There are various black holes into which various emails still fall (if someone wants to email me a ZIP or an EXE, they must encrypt it to one of my public keys, then send it; joining new mailing lists often means some fiddling around with Spampal's whitelists). But compared to a choked inbox, these problems are minor.
false positives are NON-spam that is detected as spam; false negatives are spam that is NOT detected as spam
use a fast connection, so that mail doesn't take long to download
use a fast computer, so it doesn't slow down much (or, move some/all of the filtering to a secondary computer) - a slow, old computer will work, however
wading through the spam folder
Assuming you set up at least one spam filter, you'll end up with a folder in your email application full of messages that tripped the filter. If the filters are any good, most of these messages will be spam. However the occasional legitimate email may end up there, for numerous reasons; it's thus a good idea to periodically look through this folder, rather than just deleting all the messages without looking at them. These erroneously filtered messages are known as false positives. Here's the process I use to go through the spam folder:
Sort by size - the biggest messages are sometimes false positives (attachments from associates, etc). Also the smallest are usually blank and can be removed.

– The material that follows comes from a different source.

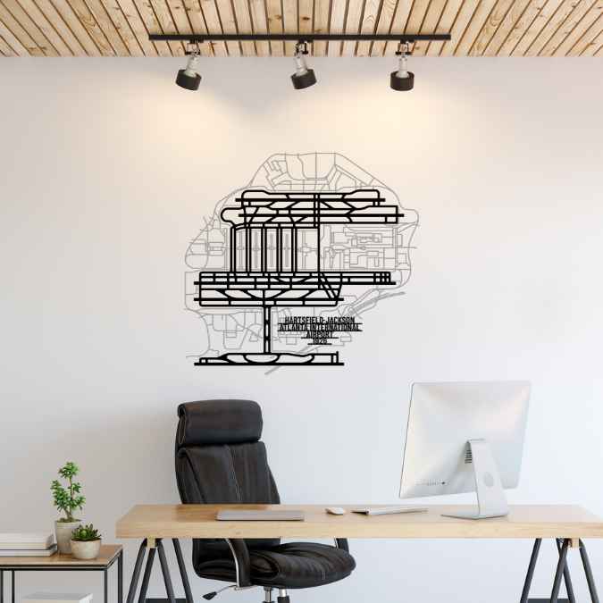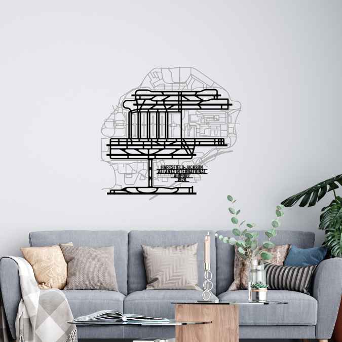 Hartsfield-Jackson Atlanta International Airport Metal Wall Art is our multilayer and multicolor 3-piece wall art. It includes the landing strips in our classic black finish and the surrounding area in a shiny and sparkly gray color. To top it off, we attach a metal plate, with the airport's name, and the construction date. This masterpiece alone or in combination with any of our other products will give your office, room, or garage a unique look that will catch the attention of any aviation enthusiast and will add a subtle touch of aviation spirit to your home's interior design.

Sort by datetime - delete the uppermost and lowermost portions of the list (messages from the past and future are used by spammers to force their messages to these locations)
Sort by subject - delete the uppermost and lowermost portions of the list (spammers use punctuation and other tricks to force their messages to these locations)
Sort by name - delete the uppermost and lowermost portions of the list (spammers use punctuation and other tricks to force their messages to these locations); scroll through the list looking for repeats of the same name (most spammers don't usually use the same name twice, so repeats here are false positives, or duplicate messages)
Search for known strings (words or phrases in subject lines, or email addresses, that are known to end up in the spam folder)
Add new strings found to the list of strings (above) and/or whitelist them somehow
Depending on the volume of messages remaining, you may wish to scroll through the list for known senders
Delete all the remaining messages
Problem: If your spam folder ends up with 1000's of messages, it's not feasible to go through it manually, BUT there may be mail in there from someone you know.
Solution: Periodically scan the spam folder for mail from anyone on a list of known-good senders, move any matching messages from the spam folder to the inbox.
The scan is done by software (not currently available for download); before scanning occurs, the list of known-good senders is obtained from multiple sources, and built on-the-fly.
Using an automated tool like this means false positives are less important, as the tool can find them, even if they are buried amongst thousands of spams.